NEW YORK (JTA) — We are living at a moment of great disruption. We all sense it. We all experience it. It impacts every aspect of our lives — education, economics, politics, social society. Judaism is not immune to these forces.

Changes in demography; declines in synagogue membership, educational fluency and connection; the rise of the “nones” (Jews who identify as Jewish with no religion); a weakening of the bonds to Israel; intermarriage and more are all signs of this moment of disruption. The institutions we built to sustain and nurture Jewish life for the last 200 years are crumbling while a new Jewish future, one that is not yet fully defined, is emerging.

Much has been written and discussed about the state of 21st century Jewry and what to do about it. Ultimately we are all asking a variation of the same question: How do we navigate a rapidly changing world in an authentic way?

In his book “Leading from the Emerging Future,” Otto Scharmer argues that our response “requires us to shift the inner place from which we operate. It requires us to suspend our judgments, redirect our attention, let go of the past, lean into the future that wants to emerge through us, and let it come.”

During the beginning of my tenure at the USCJ, I would often be invited to speak to congregational boards about membership recruitment and retention. Leaders always wanted to know how to attract and retain new members. I observed a 90-minute board meeting that had just four agenda items: a financial matter in the religious school, a casino night, a parent’s night out and the annual dinner-dance fundraiser.

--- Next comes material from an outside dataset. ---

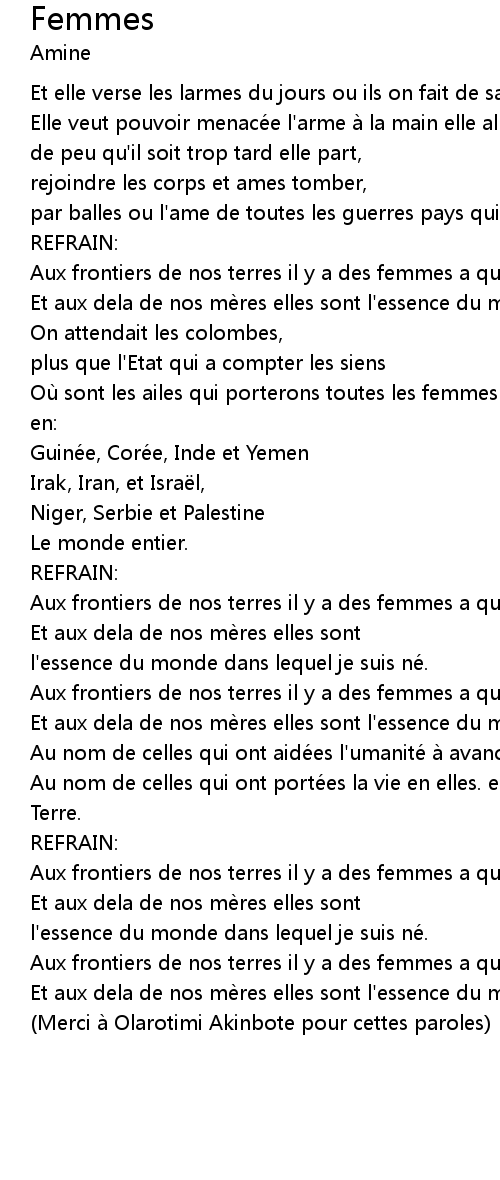 | Aux frontiers de nos terres il y a des femmes a qui ils manques un abris, | |

At 9 p.m., following 90 minutes of frontal committee reports, it was my turn to teach this board about membership. I decided to throw aside my fancy PowerPoint and instead I asked for three people to share an experience that inspired them to sit at the board table. One person shared how his daughter stood under the huppah the week before and what it meant to be surrounded by a community that had shared in his family’s life journey. Another spoke about how her son died in a car accident 20 years earlier and teared up as she described the way the community literally helped her to get out of bed in the morning and continue living. And a third mentioned how his first trip to Israel was with the congregation and how he had become a lifelong learner as a result of it.

I challenged them, explaining that “if you want to attract and retain members, then you need to talk more about these stories and figure out how the congregation enhances and expands the key moments of people’s lives and functions as a catalyst for their passions through Judaism.”

In other words, it’s about purpose, not program. It’s about meaning, not membership.

In our work at USCJ, we know that what all thriving kehillot (sacred communities inside and outside the walls of a synagogue) share is intentionality around Jewish relevancy and relationship. When planning their year they don’t ask what programs they need to drive people into the synagogue. They ask what questions and challenges their people are struggling with and how they can be a source of connection and meaning that leads to the Kabbalistic notion of “shleymut” (wholeness).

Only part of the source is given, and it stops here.